That would be my long-suffering agent.
While I’ve been going through Man Bites World, polishing it up, she’s been reading the first draft.* Yesterday, her notes arrived just as I finished my morning revision, and I read through them all.
Well, once the pouting and foot-stamping was over, I have to admit that they’re damn good notes. Almost all of them either make the work more commercial without cheating on the intent of the book, or they address elements that I’ve been uncertain about.
Mainly, they deal with unifying the book. Currently, there’s a “front plot” and a “back plot.” I’ve tried this before, but not in a long-form story that will ever see the light of day. It follows the two-antagonist rule , but in this instance the first plot problem that the protagonist faces (ie: the “front plot”) eventually turns out to be caused by a plot problem (the “back plot”) which doesn’t appear until past the mid-point and is so much more important that it overshadows the front plot.
I hope I can make it work this time.
Anyway, the two plots are connected–which they need to be–but the connection is too tenuous. I need to make them more of a web than a strand; the disparate character goals make the novel too diffuse, at least until the last 70 pages or so, when it all dovetails.
Most of the other notes she’s given me are straight-forward enough: punching up this or that character, clarifying a relationship, hanging on to so-and-so’s essential appeal. There are also a few moments that break the tone. I’ll have another look at those.
There’s only one note that genuinely troubles me. One of the notes I got on Game of Cages was “too many secondary characters”–and I don’t mean that I got it once. I revised and combined and trimmed that book, but pretty much every set of notes included something like “I’d forgotten X by the time she reappeared.”
So, in writing MBW, I needed to a) delineate the secondary characters better and b) have fewer secondary characters. Which I thought I did, but garsh, there’s that note again. I believe I need to start making character lists for books like mine, to gauge the point at with no amount of a) can make up for a failure to b).
Anyway, I’m on my lunch break, which means it’s time to take out my (paper) notebook and copy down her notes in my own words. I have lists to make and graphs to draw. Fun!
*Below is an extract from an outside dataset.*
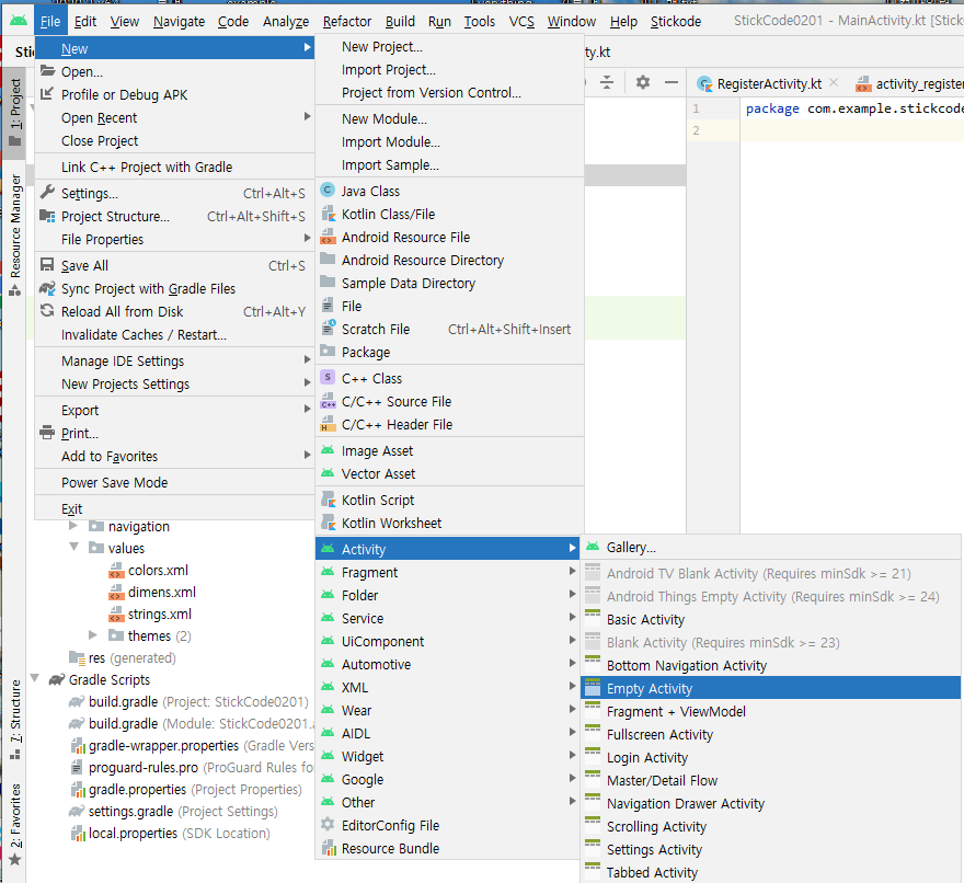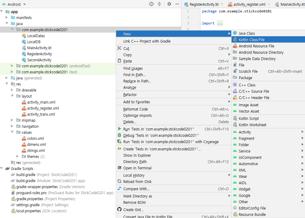 다음과 같이 스틱코드를 입력하면 됩니다. 오류가 뜨는 부분은 제일 위쪽부터 마우스를 올리고 alt+enter를 누르면 전부 사라집니다. RegisterActivity도 마찬가지로 작성해주시면 됩니다.

 Which means she’s been enduring my weird, semi-random paragraph constructions and word repetitions. Embarrassing for me, but I think it will help make me more conscious of the way I lay out my sentences as I write. I learn well through shame.
 Or more, obviously.
 Which I learned by watching endless episodes of DR. WHO.
 But god, I thought I already did this. I work really, really hard on this every time.
2 thoughts on “I have one beta reader”
After finishing a draft one of the things I always do is go through and look to see if I can merge characters. And when you can it seems to usually pay off — they become more memorable, got more stuff going on, and you get a better feel for them.
This morning I joked with my wife that, if I get rid of characters, I my not have enough corpses to tell the story.
The first two books take place in small towns (the second smaller than the first) so I needed to have a number of people (I thought).
With this third one, it’s mainly about a circle of friends/ex-friends, so I thought I had it mostly contained. Apparently, I was wrong.
I’ll be making a list of every plot/thematic point each character creates. If I can merge, I will. And for my next book I’ll be on a strict supporting-cast diet.